A property insurer is off the hook for a $200,000 claim against a policy that it canceled, leaving a lawsuit filed against a former insurance agent who was arrested for pocketing premiums as the only apparent recourse available to the homeowners.
The Georgia Court of Appeals reversed a ruling by a Bleckley County Superior Court judge and granted summary judgment, dismissing a lawsuit filed by policyholders Charles Otis and Wanda Kaye Lancaster against American Reliable Insurance Co.
The appellate panel, in an opinion dated Oct. 2 and published Tuesday, found that American Reliable had shown that it properly canceled the policy because it did not receive payment for the premium. The carrier gave proper notice to the Lancasters even though the couple says they never received the documents sent to them, the court decided.

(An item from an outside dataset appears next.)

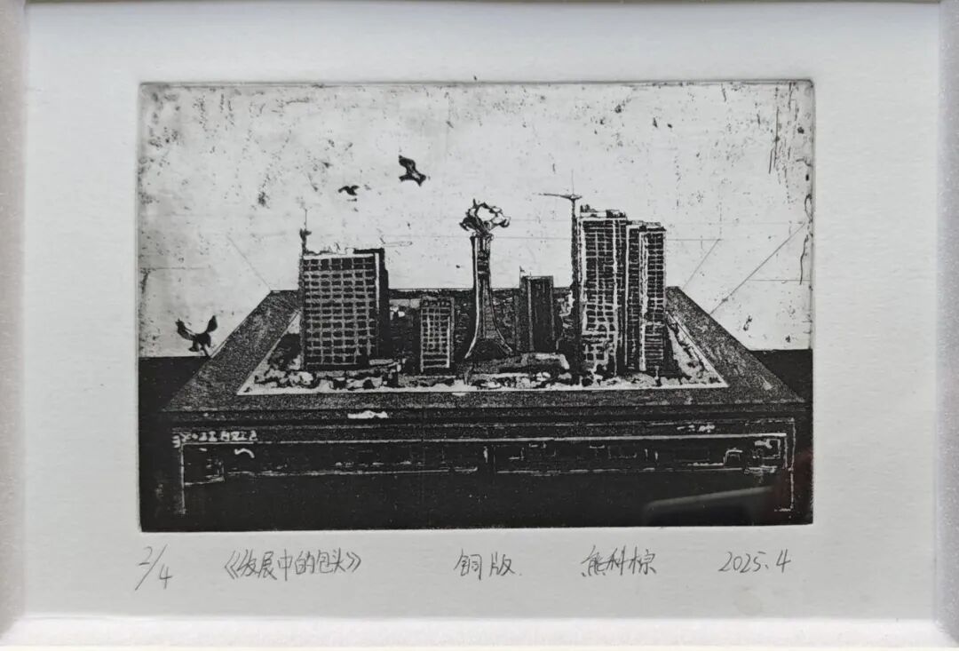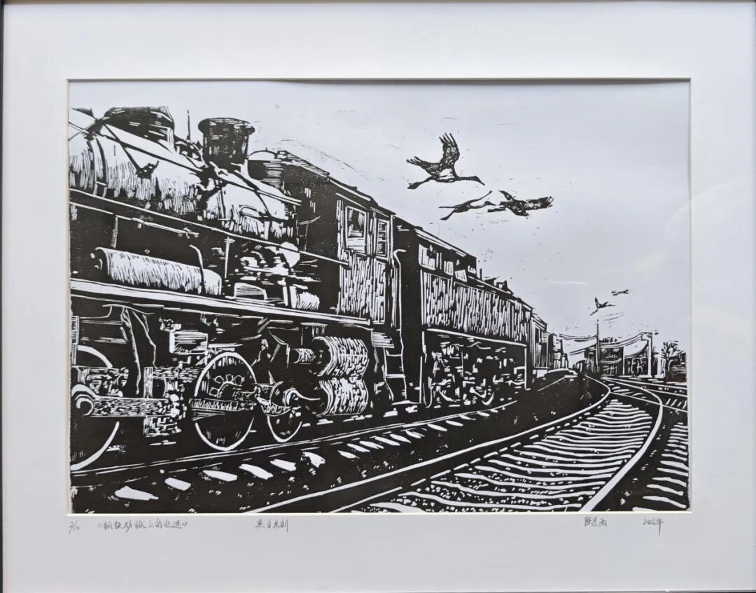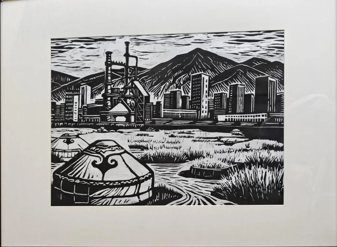 本次展览汇聚了内蒙古科技大学美术学系学生精心创作的40余幅版画作品,以艺术为笔,以文化为墨,多角度勾勒北疆文化的独特风貌,是一次校地合作的积极探索。本次展览展出的每一幅作品都是学子对北疆文化的深刻感悟与创新表达,承载着他们对这片土地的热爱与思考,不仅是对艺术技法的锤炼,更是情感的投射与精神的扎根。学子们将课堂所学扎根于北疆沃土,把对故土的深情、对文化的敬畏,凝结为黑白交织的意象、色彩流淌的情感。他们以年轻而真诚的艺术视角,诠释着“何谓北疆”。

The Lancasters say when it came time to renew their farm owner’s policy with American Reliable in December 2014, they made premium payments directly to their insurance agent, Macie Anedra Yawn. She was the sole proprietor of the Charles Robinson Insurance Agency in Eastman, Georgia.
The Lancasters home was completely destroyed by fire on May 30, 2015, about six months from the date that the Lancasters say they paid their premium to Yawn. American Reliable denied the claim, telling the couple that the policy had been canceled because the premium wasn’t paid when it came time for renewal.
Investigators for the Georgia Insurance Department’s fraud division ordered the arrest of Yawn for 10 counts of insurance fraud on Dec. 15, 2015. She was sentenced to 10 years of probation in 2018 and assessed $3,840 and fined $185, an Insurance Department spokesman said Thursday.
The Lancasters filed a lawsuit against both Yawn and American Reliable in Bleckley County Superior Court. American Reliable filed a motion for summary judgment. Judge C. Michael Johnson denied the motion, finding that genuine issues remained as to whether Yawn was American Reliable’s agent.
The appellate panel said in Georgia, an independent insurance agent is not considered an agent for an insurer unless the insurer granted the agent authority to bind coverage or represented to a policyholder that the agent represented it. The Lancasters submitted no evidence that Yawn was an employee of American Reliable or an authorized agent, the court said.
The court said the record shows that American had rescinded any authorization that it may have granted Yawn to act as its agent. What’s more, the renewal notice that American Reliable mailed to the Lancasters “stated on the front page that it was a direct bill, rather than an agency bill, policy.”
“These facts are different from cases in which we have found apparent agency, as in those cases the insurer permitted the purported agent to act on its behalf while never informing the insured that the agent had no authority to do so,” the opinion says.
Even though the Lancasters argued that they never read the renewal notice or the statement that they must pay American Reliable directly, the insurer demonstrated that it had sent proper notice by entering U.S. Postal Services receipt notices into evidence.
The court said since no insurance was in place at the time of the fire that destroyed the Lancaster’s home, their breach of contract and bad faith claims must be dismissed.
Online court records do show that Yawn and her husband were involved in a divorce proceeding in 2018, and that her maiden surname was Moore.
Georgia Department of Insurance records show that an agent’s license issued to Macie Anedra Moore in 2013 became inactive when it expired on Aug. 31, 2017. The records show that Moore had been a registered agent for 21 carriers, but American Reliable was not among them. All of the carriers canceled their appointments with Moore from 2014 to 2017.